With 46 regional and 440 branch offices, 14,900 employees, and net 1993 premium revenues of 1.15 trillion yen ($11.5 billion US), Tokio Marine is Japan's largest - and oldest - non-life insurance company. Its old OLTP system, based on IBM and Fujitsu hosts at two processing centers and 72 IBM 8100 minicomputers and dedicated terminals at major offices, had been operating since 1982. With processing volume at more than 700,000 transactions per day, the system's 10-second inquiry response time had become unacceptable. And, with more than 700 applications, the system's on-line menu scheme had become cumbersome and difficult to learn. Once IBM announced that it would stop supporting the 8100 in 1995, Tokio Marine decided it was time to revamp the system.

Reengineering to benefit from open systems

The company's Information Systems Division team first considered replacing the old 8100 computers with a new, host- and terminal-based system, requesting proposals for new architectures from IBM and Fujitsu. But the architectures both companies proposed were expensive, proprietary, and inflexible. So the team asked Hewlett-Packard and IBM for proposals to replace its IBM 8100 minicomputers with UNIX servers and terminals with personal computers running graphical user interfaces (GUIs).

HP proposes unprecedented architecture

HP's Professional Service Consult ants explained to Tokio Marine's senior management that open HP 9000 Business Servers would enable the company to improve response time and ease of use while preserving data integrity and security. Knowing that the company wanted a distributed OLTP system, the HP consultants proposed a novel approach. They suggested using the Encina distributed transaction-processing monitor, which is based on the Open Software Foundation (OSF) Distributed Computing Environment (DCE) and ensures distributed transactional data integrity through its coordinating, scheduling, queuing, and logging capabilities. HP Encina/9000 and HP DCE/9000 would serve as the foundation for building the "middleware" on the HP 9000 Business Server that would enable communication between the branch office PCs and the mainframes.

Tokio Marine asked HP to develop the middleware as well as to assume the role of prime contractor, with responsibility for project management and oversight of third-party developers.
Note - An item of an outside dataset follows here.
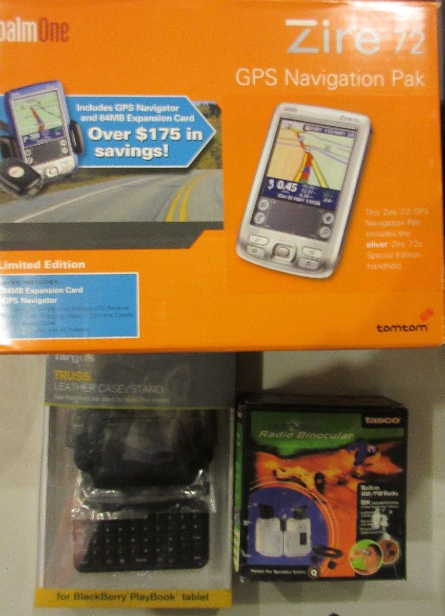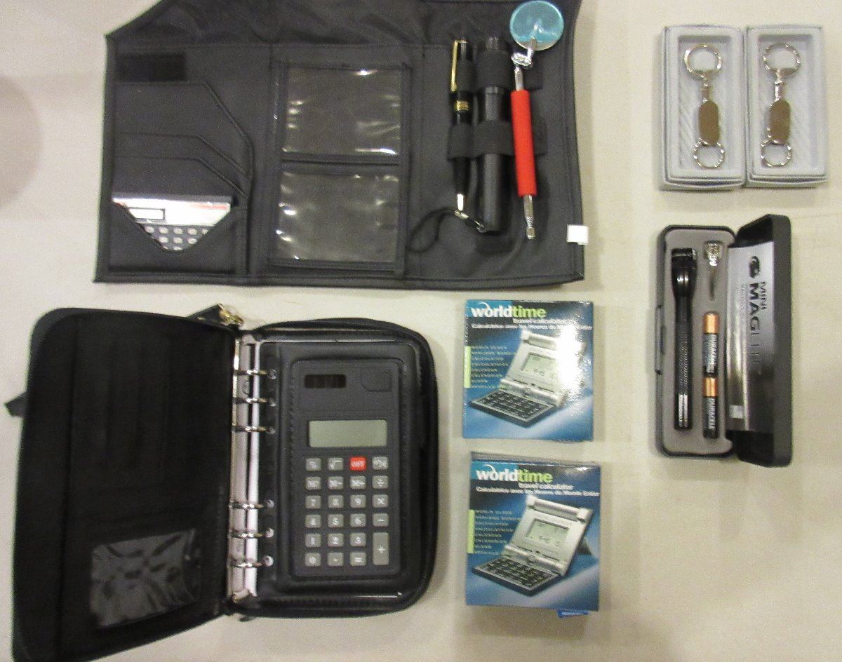 Ready to travel with a binder for your vehicle which holds Registration and Insurance comes with Pen Flashlight, a zipped organizer, 2 worktime Travel Calculator, calendar and clock combo, 2 key chains, Mini Magnalite, Palm one GPS system, Keyboard for Blackberry Play Book and Tasco Radio Binoculars

Tokio Marine chose HP because the company had greater confidence in HP's understanding of distributed computing and felt that HP 9000 Business Servers offered better price/ performance. In addition, HP was willing to take complete ownership of the project from risk management through infrastructure development and third-party vendor management.

Customized middleware: the critical link

Under the new architecture, 60 HP 9000 Business Servers and 4,000 PCs running the Microsoft Windows GUI link all 440 of the company's branch offices nationwide. The branch servers enable application sharing, check numeric data fields, and store actuarial tables for trial premium calculations-saving the time of accessing the mainframe database for this frequently used application. Local Area Networks within each center connect the PCs, and two additional HP 9000 Business Servers perform as gateway servers at the two processing centers. The gate way servers communicate with mainframe CICS(TM), balance the processing load across the branches, and manage applications on the branch servers.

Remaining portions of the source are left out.